Communiqué de presse

Égypte. Les autorités ne parviennent pas à maîtriser les forces de sécurité

Un an après le soulèvement, les forces de sécurité égyptiennes continuent de tuer des manifestants en recourant aux mêmes méthodes brutales que celles utilisées aux dernières heures du régime de Hosni Moubarak, a déclaré Amnesty International après avoir conclu que la police antiémeutes avait une nouvelle fois recouru à une force excessive lors de manifestations au Caire et à Suez.

En février, des manifestations ont eu lieu au lendemain de la tragédie de Port-Saïd, dans laquelle plus de 70 supporters du club de football d’Al Ahly ont été tués après un match le 1er février.

Selon Amnesty International, entre le 2 et le 6 février, les Forces centrales de sécurité (la police antiémeutes), sous contrôle du ministère de l’Intérieur, ont recouru à une force excessive notamment en utilisant des armes à feu pour disperser les manifestants en colère, faisant au moins 16 morts et des centaines de blessés.

« Le comportement des forces de sécurité face à ces manifestations fait malheureusement revivre une époque que beaucoup d’Égyptiens pensaient avoir enterrée avec la révolution du 25 Janvier, a déclaré Hassiba Hadj Sahraoui, directrice adjointe du programme Afrique du Nord et Moyen-Orient d’Amnesty International.

« Les promesses de réforme des forces de sécurité continuent de sonner creux au regard de la mort de plus d’une centaine de manifestants au cours des cinq derniers mois.

« Non seulement les représentants de l’État égyptien n’ont pas réformé les forces de sécurité, mais ils écartent les preuves qui attestent de l’utilisation de balles en caoutchouc et de balles réelles, en niant et en montrant du doigt l’ingérence étrangère. »

Les précédents appels à la réforme des services de sécurité n’ont conduit qu’à des changements partiels, tandis que les forces de l’ordre ont continué d’utiliser gaz lacrymogènes et munitions réelles de manière inappropriée.

Les autorités égyptiennes ont officiellement annoncé des enquêtes sur les événements ayant conduit à des morts et des blessés graves parmi les manifestants.
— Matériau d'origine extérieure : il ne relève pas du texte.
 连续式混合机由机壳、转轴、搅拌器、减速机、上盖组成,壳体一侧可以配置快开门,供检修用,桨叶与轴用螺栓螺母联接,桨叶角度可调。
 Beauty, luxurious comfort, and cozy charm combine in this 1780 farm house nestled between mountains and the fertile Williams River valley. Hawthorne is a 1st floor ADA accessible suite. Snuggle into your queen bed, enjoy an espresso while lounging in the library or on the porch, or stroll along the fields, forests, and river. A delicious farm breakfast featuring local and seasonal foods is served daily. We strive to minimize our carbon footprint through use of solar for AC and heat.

Pourtant, les leçons n’ont pas été tirées et les forces de sécurité, notamment les membres de l’armée, n’ont pas reçu d’instructions claires afin de respecter le droit à la réunion pacifique et de maintenir l’ordre dans le droit fil des normes internationales.
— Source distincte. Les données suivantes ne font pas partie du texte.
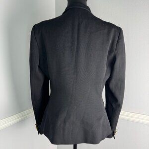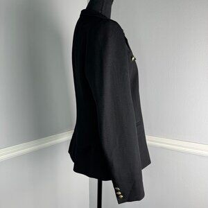 The Ralph Lauren Black Label Wool Military Blazer in size 12 is a stylish and versatile jacket made from quality wool. With a stand collar and button closure, it's perfect for everything from parties to casual outings to work meetings.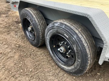 ###### **16000 lb. G.V.W.R. Can be de-rated to 9990 if desired, Electric Breakaway with battery, Diamond Plate Fenders, 2' Dovetail with 5' Fold up Ramps, 83" Deck Width.**
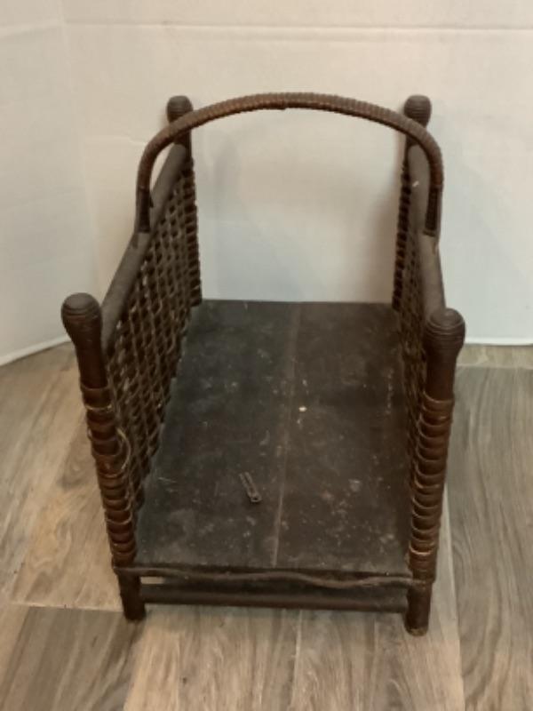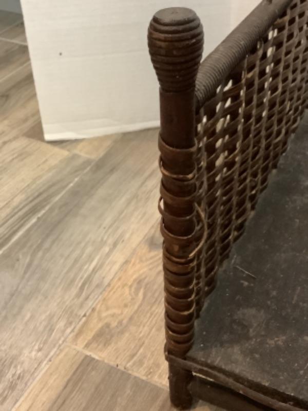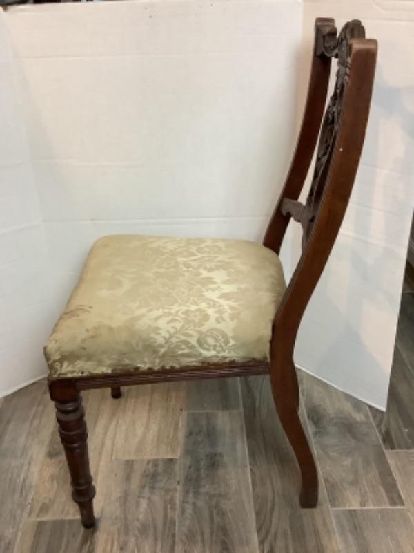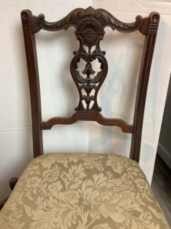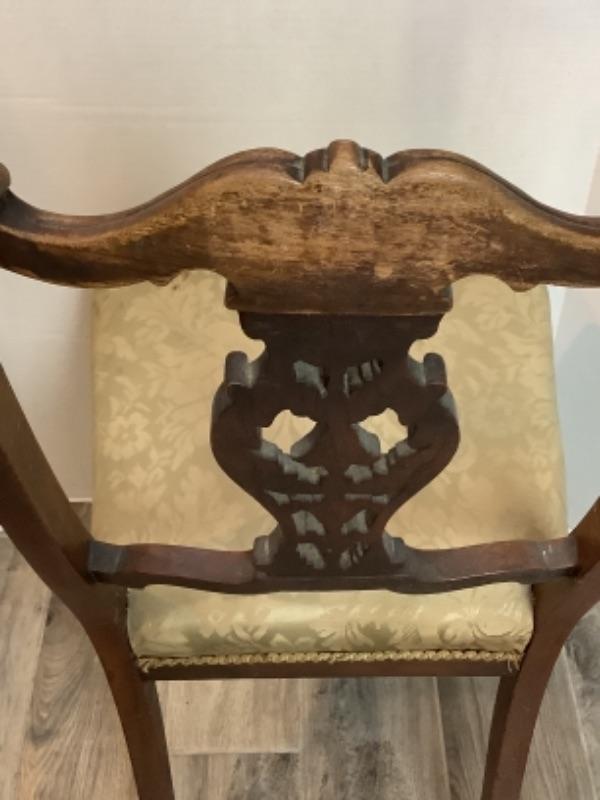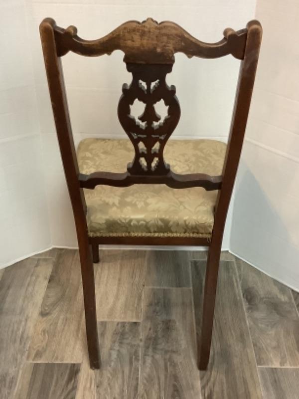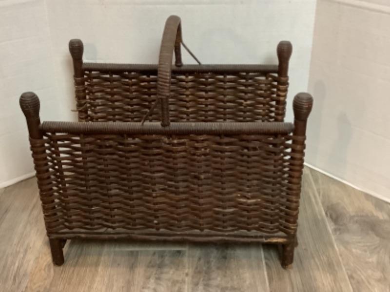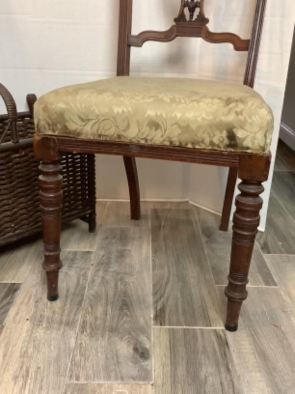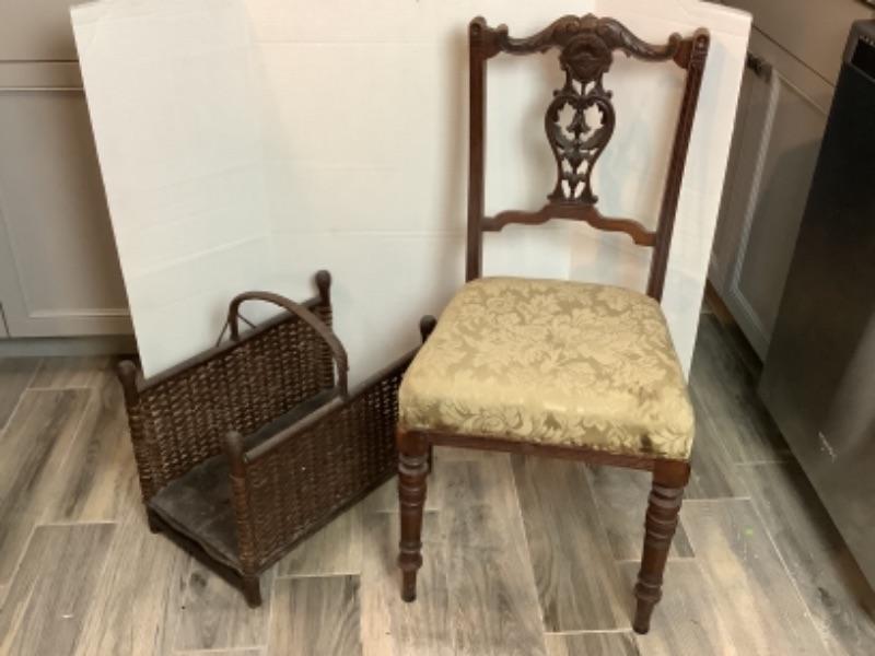 Victorian upholstered chair needs repair please see photos for any damage, Victorian magazine basket has a spot that is unraveling (see photos) measures 17” tall 12” wide and 19” long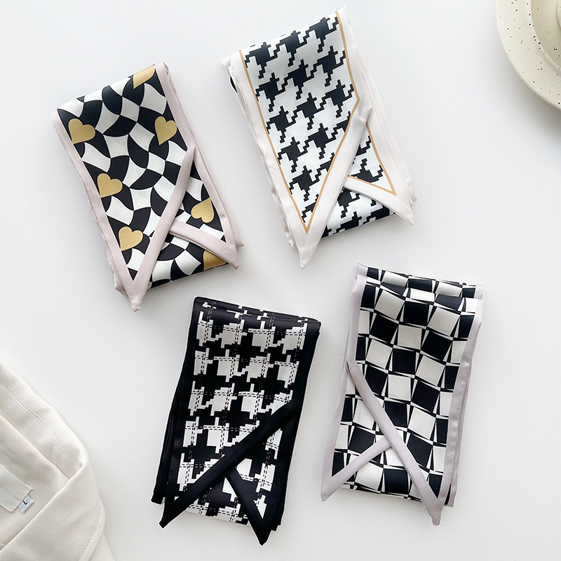 韓国のシンプルな黒系の格子の二重のプリントの小さいスカーフの百合のファッションの尖った角の長い条は縛ります。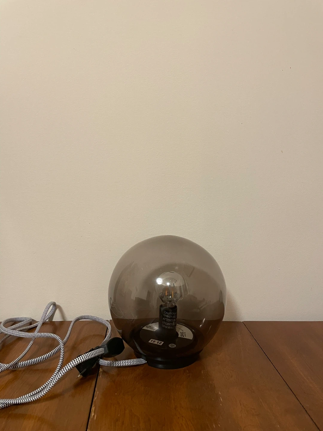 60IKEA Fado table lamp (17cm) in smoked glass. Discontinued model. Like new condition, no cracks or chips and works perfectly Comes with bulb. Simple, soft ambient lighting. Pick-up near Yonge&Clark. I can also meet at Finch, Eglinton, Rosedale stations if needed.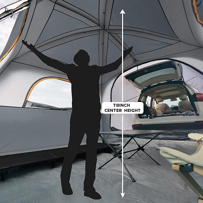- Seamless Connection with Your Car: This tailgate tent features an adjustable vehicle sleeve that can be attached to the back of any size SUV, it can seamlessly attach to your vehicle, offering additional sleeping and storage space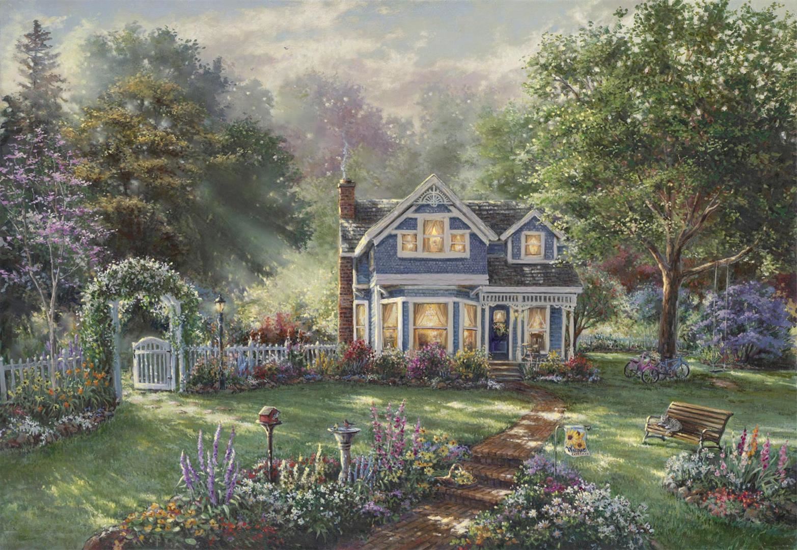 A hand-highlighted giclee image licensed by Kinkade studios and the Disney Company , and printed on 18x27" stretched canvas. COA by Publisher .

Au Caire et à Suez, en février, les forces de l’ordre ont recouru à la force meurtrière sans donner d’avertissement avant de disperser les manifestants qui, pour la plupart, scandaient pacifiquement des slogans.

Cependant, certains jetaient des pierres sur les forces de sécurité, tandis que quelques-uns auraient lancé des cocktails Molotov sur les policiers antiémeutes. Plus rarement, ils ont tiré des cartouches de fusil et des feux d’artifice.

« Les policiers ne doivent pas faire usage d’armes à feu contre des personnes, sauf en cas de légitime défense ou pour défendre des tiers contre une menace imminente de mort ou de blessure grave. Ils ne doivent recourir intentionnellement à l’usage meurtrier d’armes à feu que si cela est absolument inévitable pour protéger des vies humaines, a ajouté Hassiba Hadj Sahraoui. »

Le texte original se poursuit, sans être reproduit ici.